Hi,
I'm interested whether or not users of legacy_blast.pl
have noticed that it doesn't produce equivalent output. In particular, for the sequence TVVDPVSFMFWKDEAF
, the following legacy command produces the expected pssm files:
blastpgp -d /root/data/uniref90 -i thread_0.p0.fa -o thread_0.p0.aln -C thread_0.p0.chk -Q thread_0.p0.mat -j 3 -a 1 -e 0.001 -h 1e-10
while the equivalent psiblast
command apparently does not:
psiblast -db /root/data/uniref90 -query thread_0.p0.fa -num_iterations 3 -evalue 0.001 -num_threads 1 -inclusion_ethresh 1e-10 -out thread_0.p0.aln -out_ascii_pssm thread_0.p0.mat -out_pssm thread_0.p0.chk
Is this the expected behaviour? Also, what is the difference between the -evalue
and -inclusion_ethresh
flags to psiblast? The documentation is not clear on this.
Thanks!
I don't know if the behavior is expected, but it doesn't surprise me that the output is different. With
blastpgp
, checkpoints are created only if the search goes beyond 1 iteration. Not sure if that's the case withpsiblast
as well, so I would make sure that it is going beyond 1 iteration.These two flags are cutoffs for display and profile building purposes, respectively. For example, you can choose to display hits with e-values up to 10.0 while using only hits < 0.001 for multiple alignments and iterative searches.
Curious why your data directory is in
/root
as most people would not recommend putting anything in/root
other than actual administrator files.This is a great point, I will check into this. I think I ran into this issue previously.
So when you say 'display', do you mean hat actually appears in output? And when you say profile building, you mean included in the pssm at each iteration, right?

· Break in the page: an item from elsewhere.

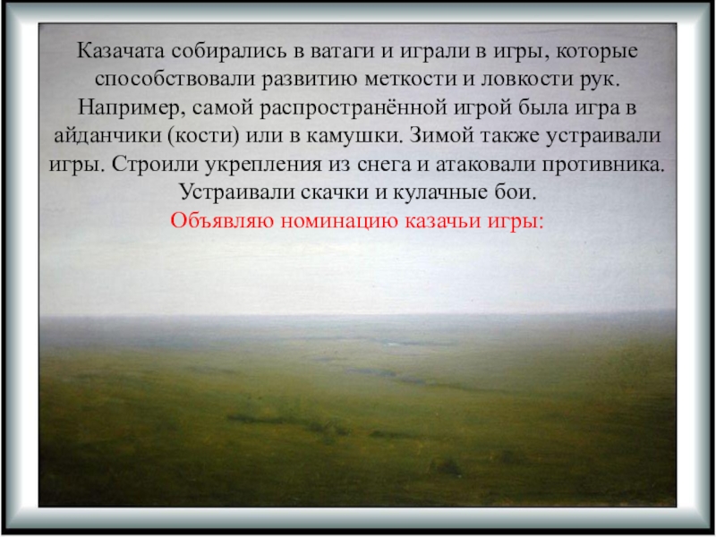 Казачата собирались в ватаги и играли в игры, которые способствовали развитию

In the interest of reproducibility, I'm doing this project entirely in a docker container. Normally I'd agree about it not being good practice, but for dev in a docker container I have not run into any problems. And if I ever do, I'll just restart the container :-)

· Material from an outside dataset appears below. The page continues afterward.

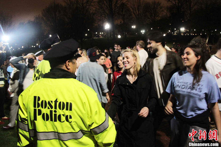 波士頓爆炸案在逃嫌疑人被警方抓獲 民眾祝賀

Thanks a lot for your help!
Affirmative.
Not answering your question but am curious as to why you are still using legacy BLAST that was deprecated a while back. You may need to email blast help desk to get an authoritative answer for this one.

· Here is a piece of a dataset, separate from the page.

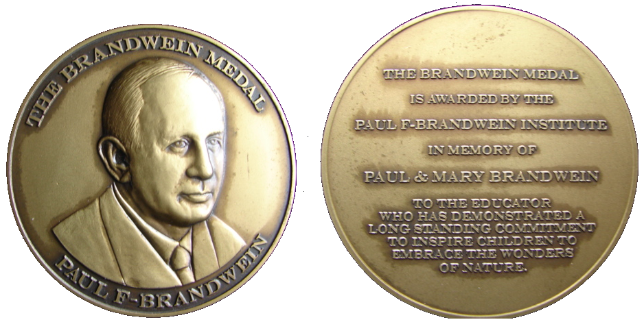 The Brandwein Medal, established in 2006, is bestowed upon individuals and/or organizations whose focus is in keeping with Paul and Mary Brandwein’s commitment to education, life-long learning, nature, and community. The awardee receives a Bronze Medallion engraved with the likeness of Paul Brandwein and a $1000 prize.

I'd prefer not to use legacy blast at all, but it's a dependency of some software I'm working with (ACCpro). So I'm trying to translate away from the legacy blast calls.
Lots of people are using legacy BLAST, as evidenced by the fact that it is still maintained. As wjn0 explained, lots of classifiers - including mine - still depend on it. I haven't used "modern" BLAST enough to speak intelligently about its potential advantages in plain sequence searches, but legacy BLAST works better for me when it comes to building checkpoints and creating features for machine learning. I suspect others have observed the same pattern judging by continuous use of legacy BLAST.
I wouldn't even bother translating the legacy blast calls, except I want to batch them with other BLAST+ calls to avoid duplication and improve the speed of the pipeline. Legacy blast has never failed me.